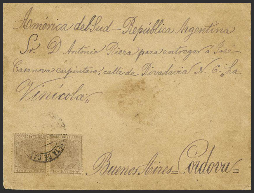 205(2). 1889. 40 cts, pair. Addressed to BUENOS AIRES (ARGENTINA). MAGNIFICENT.
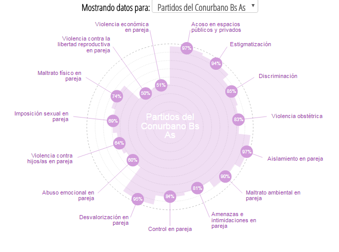 En Argentina Cuenta la Violencia Machista se midieron 15 dimensiones diferentes de violencia contra las mujeres. Ninguna de ellas se ubica por debajo del 47% de incidencia de, por lo menos, una situación experimentada. El valor más alto se registra en el acoso en espacios públicos y privados, la violencia cotidiana y más naturalizada: el 97% de las mujeres que respondieron el cuestionario experimentó al menos una vez alguna de estas situaciones.
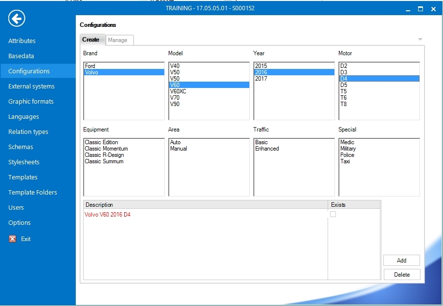 17. Example for a "Volvo V60 2017 D4" in File/Configurations. In this example the combination does not exist, so is marked in red.
——————
Goal of the exercise: Only the text of the material belongs in your copy, which must match the original exactly.

Exercise result:
 205(2). 1889. 40 cts, pair. Addressed to BUENOS AIRES (ARGENTINA). MAGNIFICENT.
 En Argentina Cuenta la Violencia Machista se midieron 15 dimensiones diferentes de violencia contra las mujeres. Ninguna de ellas se ubica por debajo del 47% de incidencia de, por lo menos, una situación experimentada. El valor más alto se registra en el acoso en espacios públicos y privados, la violencia cotidiana y más naturalizada: el 97% de las mujeres que respondieron el cuestionario experimentó al menos una vez alguna de estas situaciones.
 17. Example for a "Volvo V60 2017 D4" in File/Configurations. In this example the combination does not exist, so is marked in red.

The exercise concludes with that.